Search optimal control of induction heating modes for a moving workpiece

Abstract

Purpose This paper aims to create mathematical models and control algorithms allowing the authors to study and form effective modes of operation of multi-inductor system of electrical heating of moving hollow cylindrical blanks. Design/methodology/approach The developed mathematical models were based on the finite-difference method, the control volume method and their combination. The reliability of the results obtained was verified by comparing the calculated results with the experimental ones. The temperature control system was synthesized using methods of the object management theory with distributed parameters. Findings A set of mathematical instruments has been created that allow modelling the operation modes of installation for induction heating of moving hollow cylindrical blanks. Recommendations were given on the formation of an automatic control system that provides heating of a moving hollow cylindrical billet to the required temperature with simultaneous equalization of temperature along the length of the billet in case of highly uneven initial temperature along the length of the billet.
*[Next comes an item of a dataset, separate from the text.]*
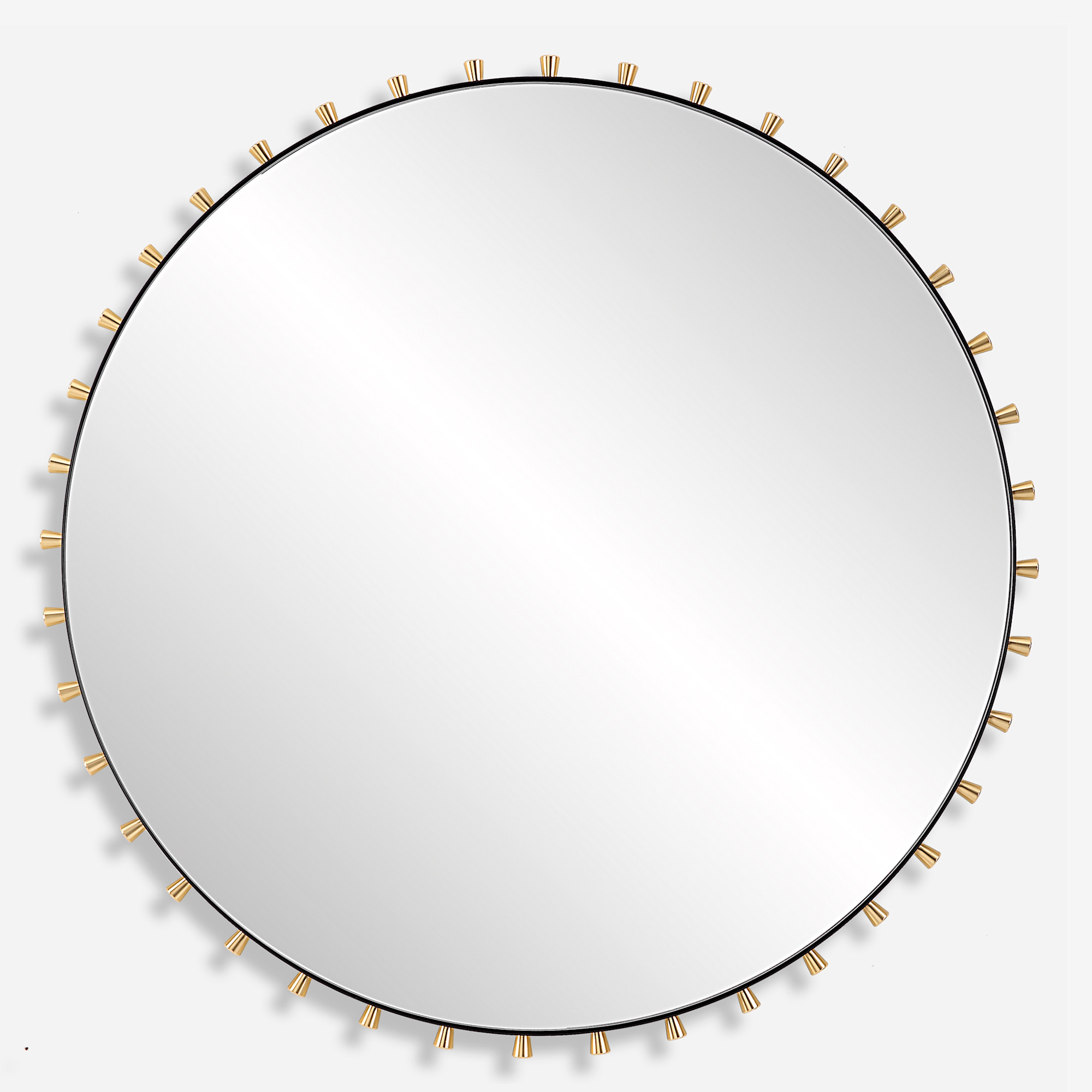 Item DescriptionThis modern round mirror features a iron frame finished, adorned with plated tapered round pegs surrounding a floating polished edged mirror.

Practical implications Part of the paper will be used by the industrial plant for the purpose of heat treatment of iron alloys workpiece. Particularly, a control system will be basically formed based on the models. Originality/value The scientific novelty of the paper is to create control algorithms and mathematical models for the induction heating system of tubular workpieces allowing to explore interrelated electromagnetic and thermal processes taking into account nonlinearities and design features of the system, as well as to form effective modes of its operation based on transfer functions and methods of the object management theory with distributed parameters.